--- Available data ---
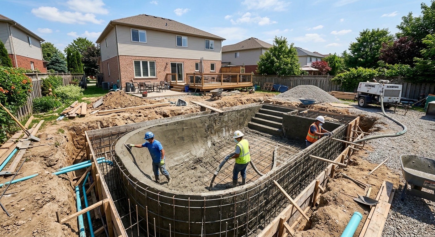 Conception, excavation, installation de la coque (fibre de verre ou beton projete), raccordement de la filtration, mise en eau et finition. Permis inclus.
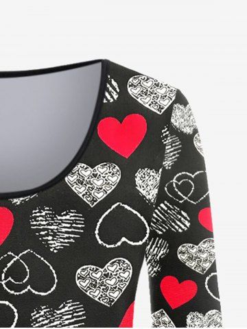 Plus Size Heart Striped Print Long Sleeves Top and Leggings Pajama Set - Black - S
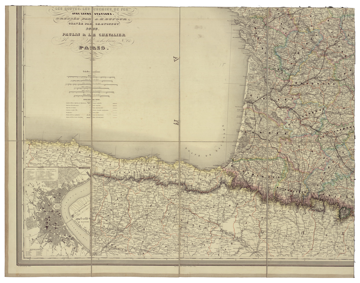 "FRANCIA Autore: Dufour Fogli 4 stampa policroma rappresentazione orografica a tratteggio. Inventario SBN 7-174036"
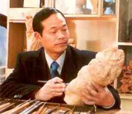 虞金顺 男,1949年出生于浙江省温州市乐清县,高级工艺美术师,第三届中国工艺美术大师(黄杨木雕),首届浙江省优秀民间文艺人才,首届浙江省工艺美术大师。其父亲是著名的黄杨木雕艺术家虞明华,其母亲也是木雕艺人。
---
Exercise: Skip the pictures and write out exactly the lines from the line containing "Plus Size Heart" through the end of the listing above.

Finished task:
 Plus Size Heart Striped Print Long Sleeves Top and Leggings Pajama Set - Black - S
 "FRANCIA Autore: Dufour Fogli 4 stampa policroma rappresentazione orografica a tratteggio. Inventario SBN 7-174036"
 虞金顺 男,1949年出生于浙江省温州市乐清县,高级工艺美术师,第三届中国工艺美术大师(黄杨木雕),首届浙江省优秀民间文艺人才,首届浙江省工艺美术大师。其父亲是著名的黄杨木雕艺术家虞明华,其母亲也是木雕艺人。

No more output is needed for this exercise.